Each week we will bring you a summary of what happened this week on our site, on Twitter, and in the wider world of civic data. Suggest stories on Twitter with #ThisWeekInData.
CityLab profiled a new report and map from the U.S. Department of Housing and Urban Development (HUD) that outlines areas in which the need for affordable housing is most dire. The report focuses on the sliver of the population with the “worst case needs”—renters who a) make at or below 50 percent of the area median income; b) do not get housing assistance; and c) pay more than half of their income on rent and/or live in physically unsafe or deficient housing. This category of renters grew by 8 percent between 2013 and 2015.
Also on the topic of affordable housing, San Jose is using its IBM Smarter Cities Challenge grant in order to address the city’s housing crisis. With technical support from IBM, officials will seek to develop a technology infrastructure that matches residents with the housing they need while ensuring that the existing rental stock is monitored and well maintained. Projects will include a rental unit registry that allows the city to track rentals governed under its rent control ordinance and a website that will guide prospective residents to affordable housing. Read more at StateScoop.

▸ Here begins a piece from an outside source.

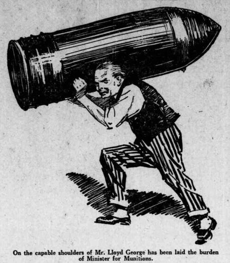 A contemporary newspaper cartoon showing Lloyd George burdening the responsibility of providing munitions for the war effort
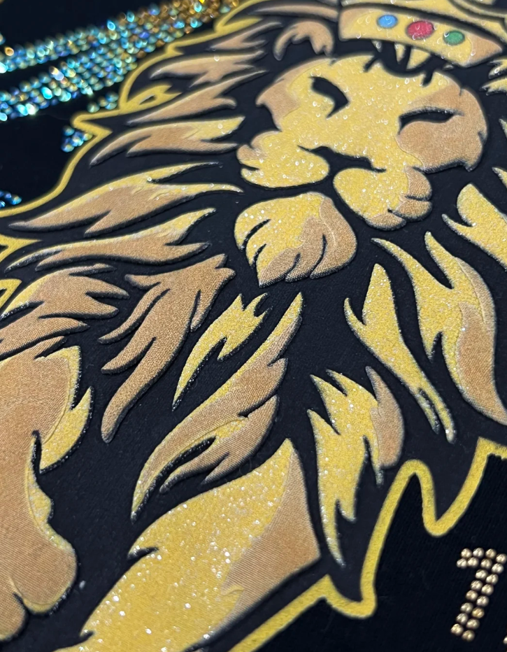 The 3D flocked European crystal hot stamping process combines the three-dimensional touch of flocking with the sparkle of European crystals, formed by high-temperature hot stamping, suitable for high-end apparel decoration.

GCN highlighted efforts by Michigan State University to create a voluntary registry of all Flint residents exposed to lead-tainted water. The registry will be used to understand relationships between participant health and community interventions over a four-year period. With this information, the city will be able to better determine what interventions are effective.

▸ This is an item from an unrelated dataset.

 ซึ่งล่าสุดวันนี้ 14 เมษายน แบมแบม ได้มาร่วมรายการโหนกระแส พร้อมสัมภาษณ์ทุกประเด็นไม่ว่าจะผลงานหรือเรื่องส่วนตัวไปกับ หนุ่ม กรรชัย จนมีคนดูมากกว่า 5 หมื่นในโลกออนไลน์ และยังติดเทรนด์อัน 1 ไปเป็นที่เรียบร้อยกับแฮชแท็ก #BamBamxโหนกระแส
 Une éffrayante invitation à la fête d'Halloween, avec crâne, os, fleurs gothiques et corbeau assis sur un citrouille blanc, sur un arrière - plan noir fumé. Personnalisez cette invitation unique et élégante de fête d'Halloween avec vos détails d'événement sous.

Here on Data-Smart, Jonathon Jay reviewed New York City’s RxStat initiative to combat opioid abuse and devised his own analysis of datasets in other areas. RxStat convenes public health and public safety representatives in monthly meetings to review recent opioid data from a variety of sources, allowing the city to more effectively coordinate responses across agencies. Perhaps most importantly, this program has provided law enforcement access to mortality records, allowing the police department to target the types of drugs and users involved—a process other cities should emulate.
Also on Data-Smart, we published a transcript of Pittsburgh chief data officer (CDO) Laura Meixell’s presentation for the Civic Analytics Network’s webinar “The Power of Data Visualization in Cities.” Meixell outlines the development process for the city’s Burgh’s Eye View open data platform, a map that amasses all of the city’s location-based data. The platform has been an iterative and customer-based project for the city, starting as a tool for the police department and expanding to many other city agencies.
The United Nations’ Sustainable Development Solutions Network released the US Cities Sustainable Development Goals Index ranking the top 100 most populated cities in the U.S. based on their sustainability, Vice Impact reported. The Index includes 16 categories including health, economic stability, and social justice equality based on sustainable development goals agreed to by the U.S. and 192 other nations in 2015. As examples, Orlando, FL came in first for the clean water and sanitation category and Spokane, WA claimed first for affordable and clean energy.
GovTech reported on a program called beyond.uptake, a six-month fellowship from Chicago data science company Uptake that includes training sessions on methodologies, cybersecurity, machine learning, agile development, data visualization and more. This program has helped train data scientists transitioning to a role within city government. By combining the vast resources of a private data science company with people who work in municipal or social groups, the fellowship brings much-needed technical capacity to organizations attempting to serve the public.
Nesta published a piece arguing that innovations like open data and artificial intelligence could greatly benefit philanthropic organizations in their fundraising efforts. The article calls for opening data to make philanthropic initiatives more accountable, using machine learning to analyze patterns in successful funding campaigns, using AI to more efficiently complete funding applications, and building common data repositories so that applicants can reuse data for grant applications.